Image Credits: Met Museum, public domain, British Library, public domain, Wellcome Library, London. images@wellcome.ac.uk http://wellcomeimages.org Woodcut, ca. 1700-1720. Woodcut ca. 1700-1720 Published: – Copyrighted work available under Creative Commons Attribution only licence CC BY 4.0 , https://www.robotbutt.com/2014/06/19/things-you-should-know-about-the-nietzsche-family-circus/, Collection of the Massachusetts Historical Society, Gift of Robert C. Winthrop, 1863.
I enjoyed this column and Sorrywatch’s reconsideration of the standards by which a historic apology should be judged.
The Talmud study cycle recently finished an entire chapter on when it is appropriate to call for a public fast, including questions about when community leaders, like the king or high priest, should publicly fast.
(It was riveting to me as a Californian, because a lot of it hinges on determining when and how much to freak out if it hasn’t rained yet, and how much rain has to fall before you should stop freaking out.)
The rabbis’ surprising judgment was that the king should hardly ever fast publicly, because it would be too disturbing for his subjects to witness — “The king is fasting! We have sinned so badly we are all going to be smitten!” — and it does seem as if Samuel Sewall’s fast and apology agitated his neighbors quite a bit.
I don’t know enough about Puritan theology to know if they had a similar concept of how to ward off otherwise inevitable communal doom brought on by collective guilt. But his apology does sound to me like a warding-off ritual, like a recognition that the community has fucked up so badly that the heavenly judge is going to start smiting on a mass level if someone doesn’t publicly atone for their wrongness.
I also wonder if confessing that he was unable “to withstand the mysterious delusions of the power of darkness” had a different vibe in an era where Satan was widely believed to be real and when, in fact, all those hanged women were believed to be guilty of giving in to Satan’s temptations. Instead of evading responsibility, Sewall might have been seen as confessing to one of the most serious crimes his community recognized.

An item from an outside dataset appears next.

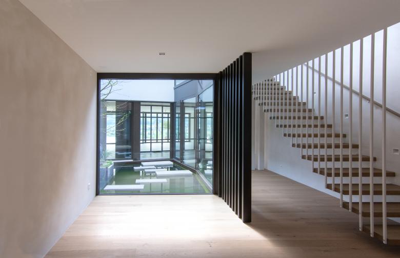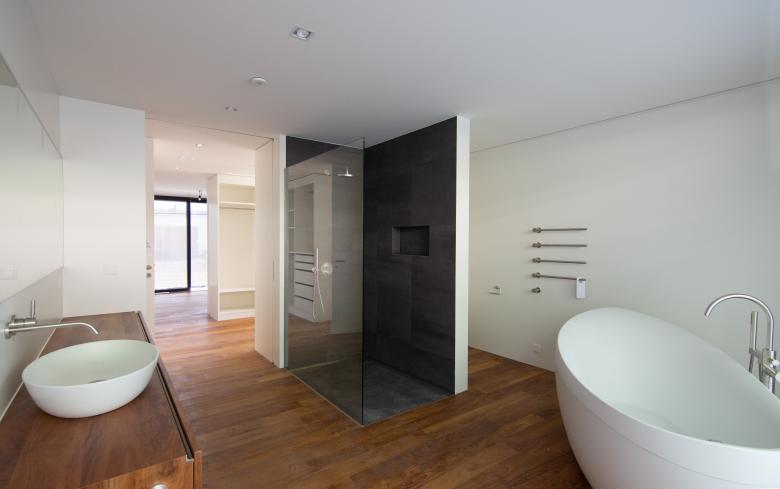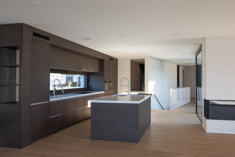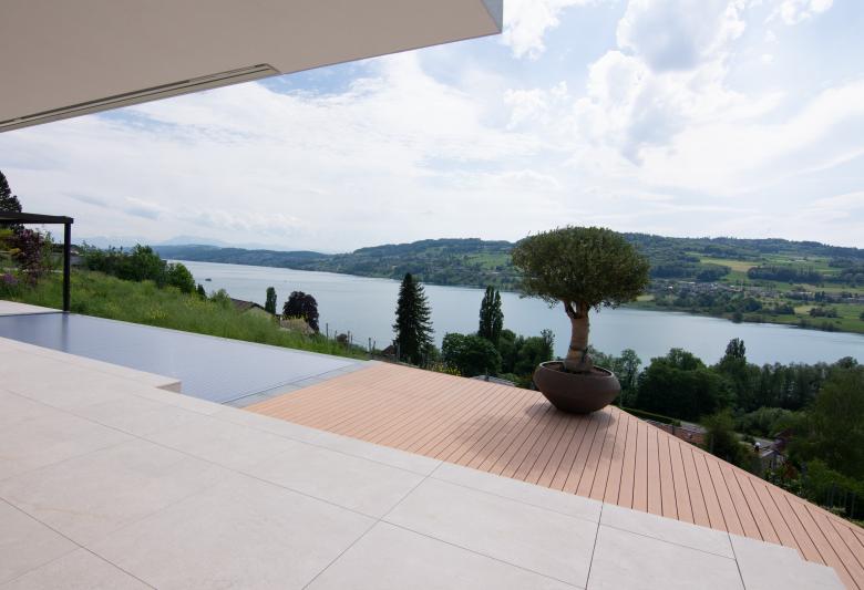 Die Architektur ist klar und sinnlich zugleich. Nach innen öffnen sich die Villen: Grosse Fenster und Terrassen erfüllen die Räume mit Licht und verleihen ihnen Leichtigkeit. Eichenholz vermittelt Geborgenheit. Unter der Parkanlage erstreckt sich eine Tiefgarage. Die privaten Landflächen bieten bei den vorderen Häusern Platz für einen Pool. Bei den hinteren Häusern wird der Pool, für eine bestmögliche See-und Bergsicht, auf dem Dach angelegt.

I had a quibble, as I read, with the judgement that the Puritan apologies had “too much ‘delusion’ and ‘unwittingly.’ A good apology takes responsibility”. Can there not be room for both? After all, sometimes people ARE deluded or unwitting, even people who pride themselves (as the judges did) on their discernment. To the victim demanding “HOW could this happen” an explanation is owed. I think a person can find humility in admitting they were deluded, and still accept responsibility. The key thing is that delusion is explanation, not excuse.